Вот что: существо состоит из перемещения по слоям, которые при этом превращаются в него: слои + их связывание тоже становятся этим существом, а он сам тогда кто такой? Все это он и есть, трип. Состоит из того и из этого, вышеперечисленного, а ему не тяжело, потому что все это он не тащит на себе, но из него состоит. Как воробей, только еще и производит себя: как если бы тот возникал, чирикая в полете. Делает действие, становясь в нем собой, поэтому если и виден, то косвенно, а нарисовать это нельзя. И то, и это, и так, и этак. При всяком новом склеивании что-то мигает, как, бывает, дергается лампа уличного освещения.
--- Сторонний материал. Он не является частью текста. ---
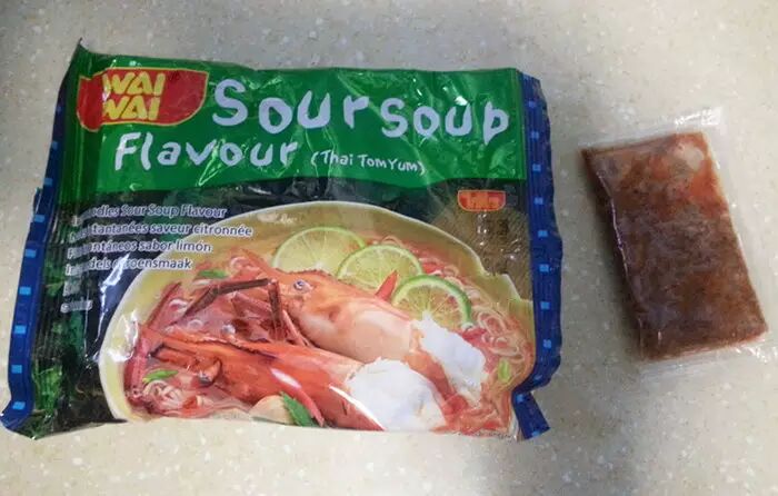 这面的封面太乌龙了,我一直以为也是青咖喱,后来看到sour soup才意识到是酸汤面。包装比较随便,里面就满共就一个汤包。面饼是所有品种里最酥的,而且偏黄,可见过油炸的很猛,煮出来也是油很重。但是,这款的突出特点是,太,酸,了!!!

Существо – когда с ним соотнесся – укрупняет масштаб. Тут же вокруг все время изменяется все, что только что было прочным: куда-то ссыпается песок, мутнеет на холоде оконное стекло изнутри. Спекается, растягивается, обмякает, набухает, передергивается, трескается, щелкает, подергивается, шуршит, растекается, засыхает. Стабильность района гуще на стенах домов или воротах, выглядит коростой старой краски, ну и в прочих мелочах, присоединяющихся к осыпающейся чешуе. Краска облупливается вдоль ее когдатошнего запаха и цвета; погода влияет на все подряд, а время отсутствует как понятие: здесь оно в мелкую розницу, которой не поставить в соответствие даже только лишь здешние события. Внутри домов тянется что-то гладкое, неторопливо мутирующее в статуэтки, в однородное пылящееся и отсвечивающее. Затягивая в эту машинку.
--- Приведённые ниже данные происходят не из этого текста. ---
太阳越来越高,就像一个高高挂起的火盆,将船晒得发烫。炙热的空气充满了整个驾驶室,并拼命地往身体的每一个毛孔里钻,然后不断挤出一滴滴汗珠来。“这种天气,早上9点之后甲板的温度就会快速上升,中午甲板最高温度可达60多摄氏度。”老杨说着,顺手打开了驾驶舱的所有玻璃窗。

Запахи, производимые как материальной, так и нематериальной материей. Масляной краски: кто-то решил что-то улучшить. Древесной пыли, какая бывает, когда пилят фанеру: этот запах уже неясно какой – материальный или нет, кому здесь резать фанеру, зачем. Возможно, давняя столярка в полуподвале. Запахи нынешних, давешних страстей. Чья-то злость, чья-то скука, какое-то желание; произошедшие, постепенно выдыхаются. Полупрозрачные тени свешиваются из окон комнат, в которых происходило какое-то такое, что с улицы теперь выглядит так. Не знаки, а там накануне или ночью произвели каких-то гомункулов из эктоплазмы или еще что-то из чего-либо такого.
Чего ж нет, непременно что-нибудь произвели, а тогда что-нибудь останется. Тем более раз уж они тут свисают, ну а внутри валяются, наверное, по углам, разнообразные последыши, небольшие и чуть цветные, разноцветные. Вместе не составляются, если окажутся рядом – поморщатся друг на друга, криво-фигурные, слабо-плотные. Лиловое пшено, канареечный шум, пестрые перья.
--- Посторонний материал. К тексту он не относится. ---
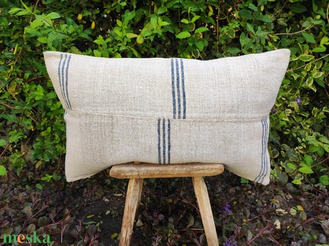 Egyedi, hangulatos, farmhouse–vidéki stílusú párnahuzat, mely autentikus, természetközeli karaktert visz otthonodba. Elöl erős szövésű, indigókék csíkos zsákvászon kapott helyet, amely strapabíró és rusztikus megjelenésű. A hátoldal antik lenvászonból készült, így a huzat különösen egyedi, időtálló és természetes textúrákkal gazdagított darab. Csak egy darab készült belőle.

Какое могло быть детство у существа, когда бы оно возникло не сейчас, а раньше? Стал бы он по жизни отчужденным без употребления марципана в виде фигурок – уточки, совы, зайца? Неважно, внутри него нет ни рая, ни ада, нет ни хорошо, ни плохо, а и кто тут что оценивает. Достаточно, что само оно хорошее: лишь бы не исчезало, а когда уйдет – возвращалось. Не обязательно, чтобы сразу же или вскоре – если знаешь, что оно есть, иногда приходит, то уже все в порядке. Смысл и окрестности упомянутого выцвели, сделались лишь его элементами, на какое-то время. Но зачем существо пришло? С ним хорошо, но ему это зачем? Вероятно, есть и такая форма жизни, иногда она проявляется, вот и славно.
У существа намерение сделаться трипом, а как ему им не стать, когда он это и есть. Так что теперь ясно, как оно возникает, а заодно – как отщелкиваются, осыпаются обволакивающие его истории, делаясь – относительно его – неважными. Природная функция, должны быть и такие сущности, ну а когда они есть, так это и делают. Их много, разные. Пусть этот, мой – чтобы не набирать случайные коды или писать СЩСТВ – будет Sprenkstrasse. Слово давно свободно и прямо связано с делом. Но опять непонятно, какой гендер у существа (сбоку от Strasse маячит и женский). Пусть грамматически останется абстрактного рода и склоняется как когда.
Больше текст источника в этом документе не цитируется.